| PROVIDED ENTRIES |

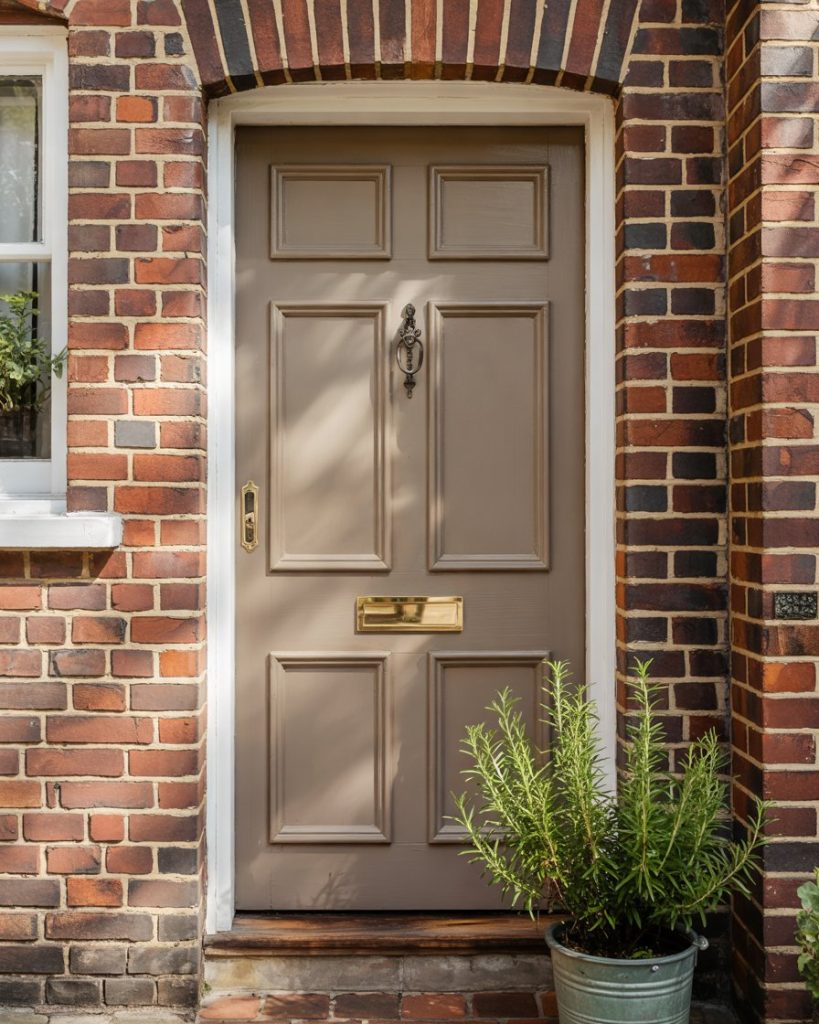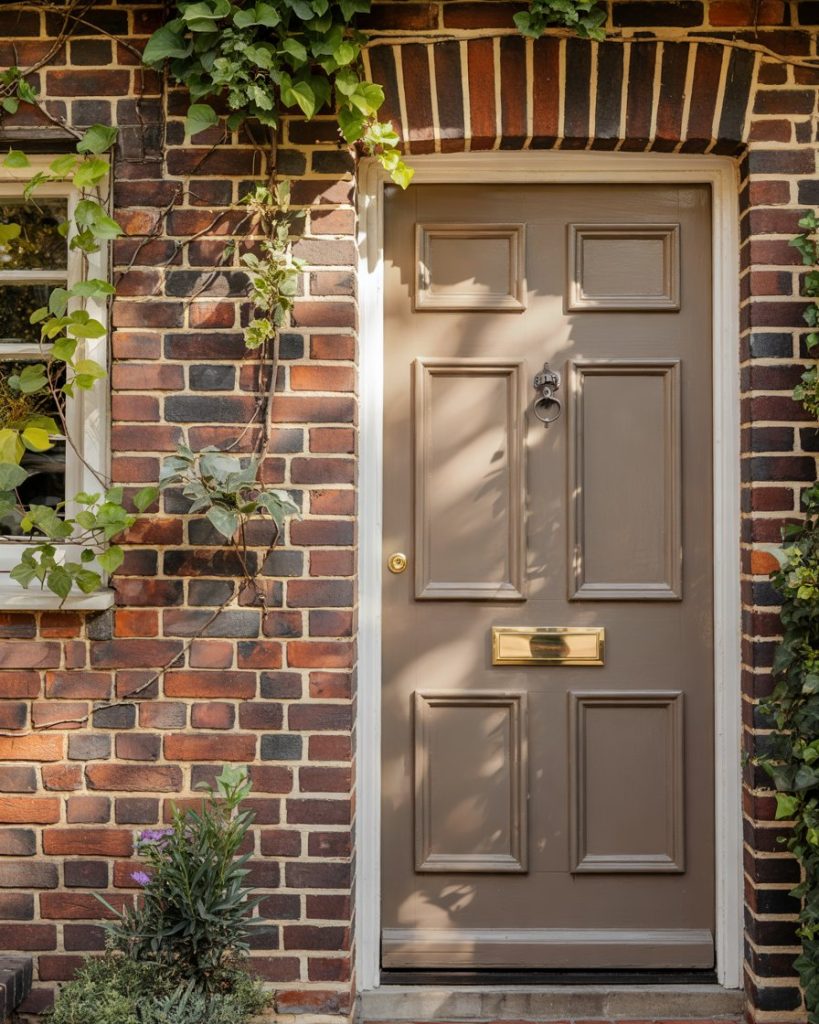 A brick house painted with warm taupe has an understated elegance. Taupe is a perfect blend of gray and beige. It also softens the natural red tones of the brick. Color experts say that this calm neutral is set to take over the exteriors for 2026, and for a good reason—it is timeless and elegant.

---

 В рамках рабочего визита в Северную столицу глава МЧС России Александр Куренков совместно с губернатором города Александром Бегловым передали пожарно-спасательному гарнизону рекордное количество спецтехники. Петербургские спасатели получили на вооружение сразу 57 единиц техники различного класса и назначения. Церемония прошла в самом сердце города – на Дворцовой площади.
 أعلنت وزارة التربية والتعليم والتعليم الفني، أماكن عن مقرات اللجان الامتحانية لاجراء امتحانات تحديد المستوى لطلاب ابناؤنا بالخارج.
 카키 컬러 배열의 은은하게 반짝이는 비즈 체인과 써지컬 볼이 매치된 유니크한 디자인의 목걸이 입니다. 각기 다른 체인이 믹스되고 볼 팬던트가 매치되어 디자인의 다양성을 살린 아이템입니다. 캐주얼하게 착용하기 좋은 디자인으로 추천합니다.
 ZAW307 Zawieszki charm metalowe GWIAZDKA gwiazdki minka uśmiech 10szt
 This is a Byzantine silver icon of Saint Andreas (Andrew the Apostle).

| BRIEF |
When you reach the line with "أعلنت وزارة التربية" in the records above, start writing out lines exactly, and stop once the line with "This is a Byzantine" has been written; include nothing else.

| SOLUTION TO THIS PROBLEM |
 أعلنت وزارة التربية والتعليم والتعليم الفني، أماكن عن مقرات اللجان الامتحانية لاجراء امتحانات تحديد المستوى لطلاب ابناؤنا بالخارج.
 카키 컬러 배열의 은은하게 반짝이는 비즈 체인과 써지컬 볼이 매치된 유니크한 디자인의 목걸이 입니다. 각기 다른 체인이 믹스되고 볼 팬던트가 매치되어 디자인의 다양성을 살린 아이템입니다. 캐주얼하게 착용하기 좋은 디자인으로 추천합니다.
 ZAW307 Zawieszki charm metalowe GWIAZDKA gwiazdki minka uśmiech 10szt
 This is a Byzantine silver icon of Saint Andreas (Andrew the Apostle).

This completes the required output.